On 1/16/19 1:32 AM, Gage Eads wrote:
> This commit adds support for non-blocking (linked list based) stack mempool
> handler. The stack uses a 128-bit compare-and-swap instruction, and thus is
> limited to x86_64. The 128-bit CAS atomically updates the stack top pointer
> and a modification counter, which protects against the ABA problem.
>
> In mempool_perf_autotest the lock-based stack outperforms the non-blocking
> handler*, however:
> - For applications with preemptible pthreads, a lock-based stack's
>    worst-case performance (i.e. one thread being preempted while
>    holding the spinlock) is much worse than the non-blocking stack's.
> - Using per-thread mempool caches will largely mitigate the performance
>    difference.
>
> *Test setup: x86_64 build with default config, dual-socket Xeon E5-2699 v4,
> running on isolcpus cores with a tickless scheduler. The lock-based stack's
> rate_persec was 1x-3.5x the non-blocking stack's.
>
> Signed-off-by: Gage Eads <gage.eads@intel.com>
> ---

Few minor nits below.
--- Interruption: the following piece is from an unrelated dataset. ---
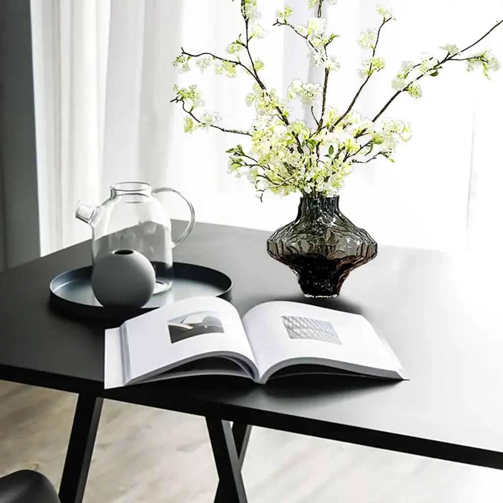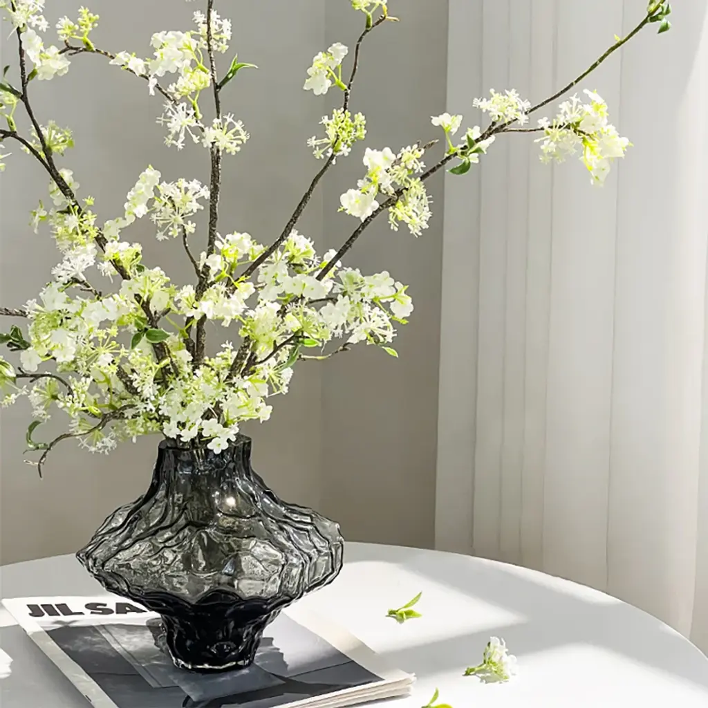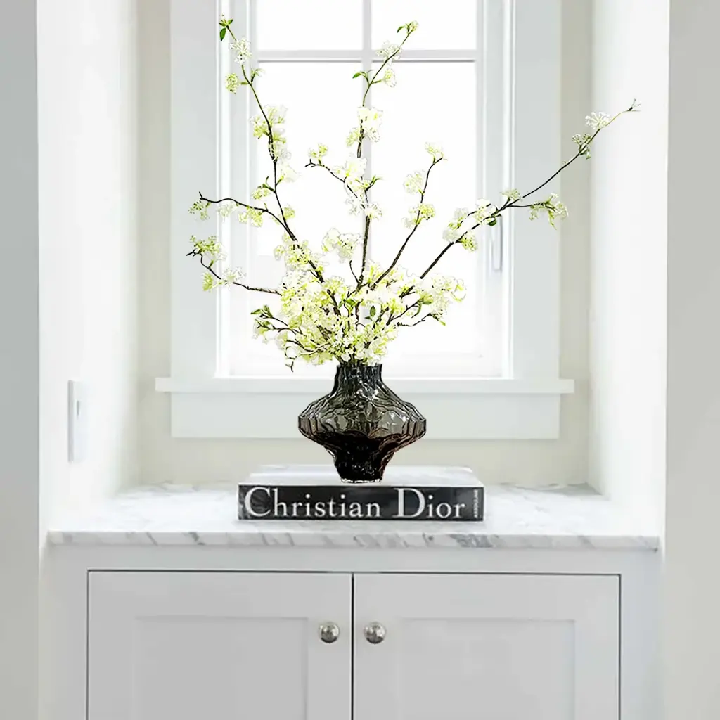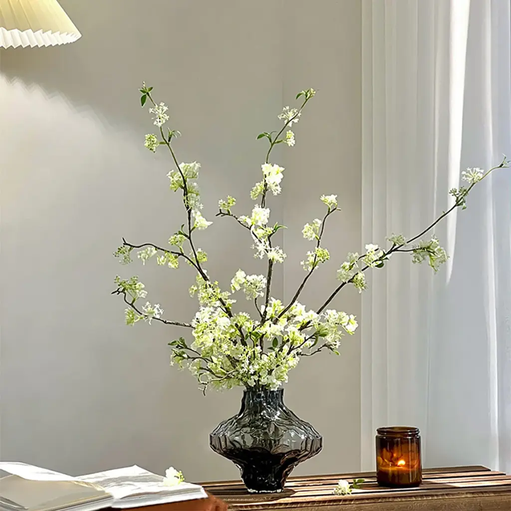 The artificial cherry blossoms are beautiful and bright, and the white and green colors can be easily integrated into any space. The realistic petals and bendable branches are made of plastic that are comfortable to the touch. You can adjust the length of the flower branches at will. The smoky gray glass vase enhances the texture of the entire product. (This product needs to compress and transport artificial flowers. After unpacking, you can refer to the picture effect to organize and restore. The height and width of the product may vary slightly due to the blooming conditions of the artificial flowers.The color may be slightly different due to different monitor models or lighting conditions.)

Other than that
Acked-by: Andrew Rybchenko <arybchenko@solarflare.com>

Don't forget about release notes when 19.05 release cycle starts.

[snip]

> diff --git a/drivers/mempool/meson.build b/drivers/mempool/meson.build
> index 4527d9806..01ee30fee 100644
> --- a/drivers/mempool/meson.build
> +++ b/drivers/mempool/meson.build
> @@ -2,6 +2,11 @@
>   # Copyright(c) 2017 Intel Corporation
>   
>   drivers = ['bucket', 'dpaa', 'dpaa2', 'octeontx', 'ring', 'stack']
> +
> +if dpdk_conf.has('RTE_ARCH_X86_64')
> +	drivers += 'nb_stack'
> +endif
> +

I think it would be better to concentrate the logic inside 
nb_stack/meson.build.
There is a 'build' variable which may be set to false disable the build.
You can find an example in drivers/net/sfc/meson.build.

[snip]

> +static __rte_always_inline void
> +nb_lifo_push(struct nb_lifo *lifo,
> +	     struct nb_lifo_elem *first,
> +	     struct nb_lifo_elem *last,
> +	     unsigned int num)
> +{
> +	while (1) {
> +		struct nb_lifo_head old_head, new_head;
> +
> +		old_head = lifo->head;
> +
> +		/* Swing the top pointer to the first element in the list and
> +		 * make the last element point to the old top.
> +		 */
> +		new_head.top = first;
> +		new_head.cnt = old_head.cnt + 1;
> +
> +		last->next = old_head.top;
> +
> +		if (rte_atomic128_cmpset((volatile uint64_t *) &lifo->head,

Unnecessary space after type cast above.

[snip]

> +		new_head.top = tmp;
> +		new_head.cnt = old_head.cnt + 1;
> +
> +		if (rte_atomic128_cmpset((volatile uint64_t *) &lifo->head,

Unnecessary space after type cast above.

[snip]